The AMA says Australia needs to get back to routine health care, or risk a greater toll than COVID-19 will bring.

All elective surgeries and procedures have been cancelled to help prepare the health system for the impact of COVID-19; freeing up hospital beds, medical staff and personal protection equipment.

But this means many a prevented from undergoing procedures that detect cancer and other issues.

AMA vice president Chris Zappala says there will be a significant cost in terms of sickness and mortality.

“There's a large amount of everyday disease out there … we run a greater risk that curable disease becomes incurable and the backlog unmanageable,” Dr Zappala said.

The peak medical lobby says there must be a way to have routine care to resume in private hospitals and practices while public hospitals remain on standby for COVID-19 cases.
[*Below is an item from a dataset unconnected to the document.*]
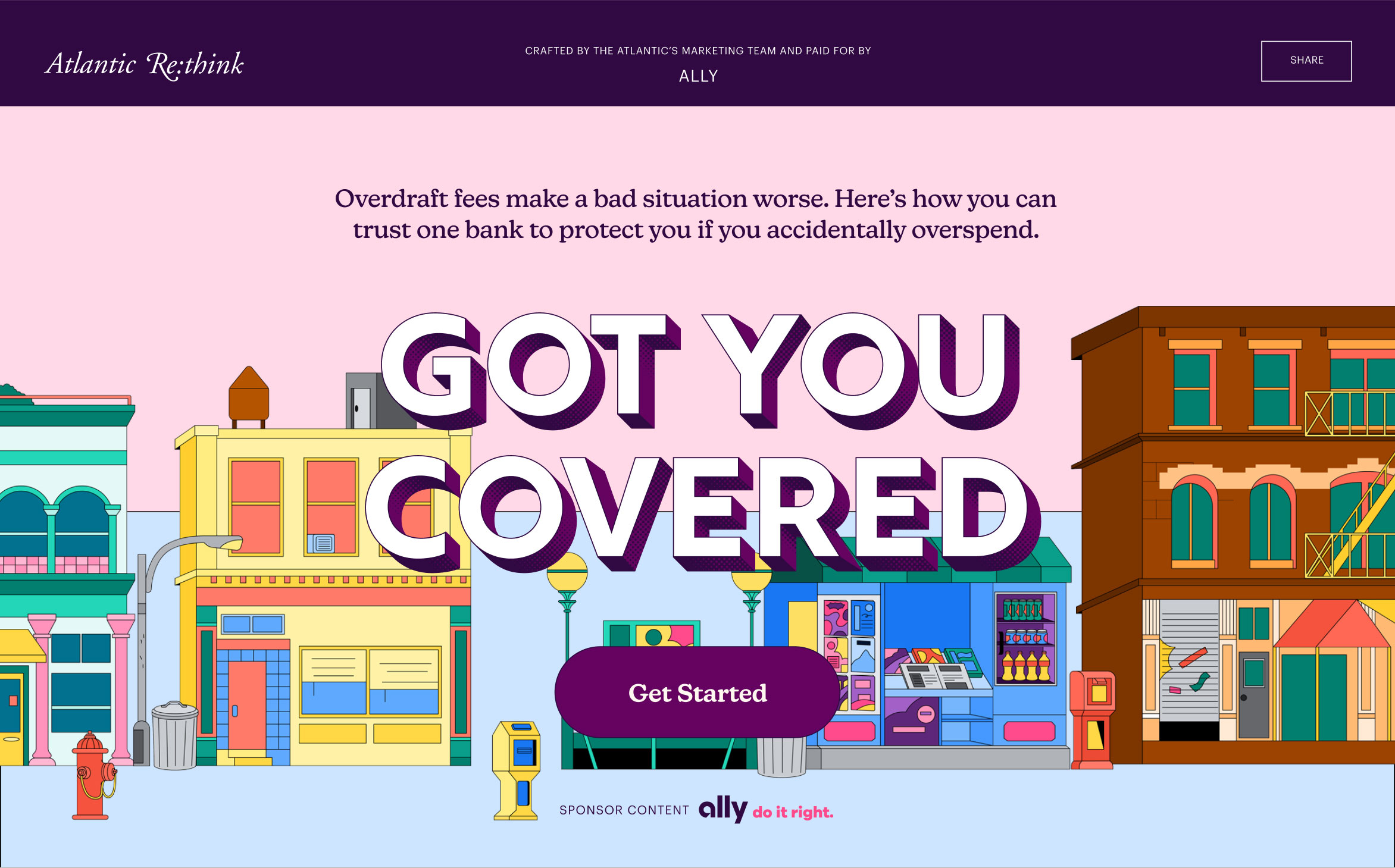 Got You Covered, a collaboration with Ally, addresses the pervasive issue of financial insecurity through an engaging, interactive visual story. Readers trace a day in the life of Alex, a composite character embodying the financial challenges confronting countless young Americans. Through an adventurous visual narrative, users navigate Alex’s day, encountering seemingly mundane situations that illuminate the difficulty of life on a tight budget—and the ever present threat of spending beyond one’s means.

“There is considerable spare capacity within the public hospital system right now … and no-one is suggesting for a second that that should be taken away,” Dr Zappala said.

“[But] there is scope within the private system to start to loosen the restrictions straight away,” Dr Zappala said.

“There is no point in leaving the private system in paralysis as well.

“There's very little work happening and it means the governments will have to spend more money to prop up these systems.

“The most worrying concern we have is, the longer the delays in screening routine care continue, the COVID-negative sickness and mortality will be much higher than the COVID-related sickness and mortality than we're seeing.

“To us this just seems ridiculous when we have idle capacity in the private system ready to take up the slack.”

He suggested public patients could be treated in private hospitals under existing relationships.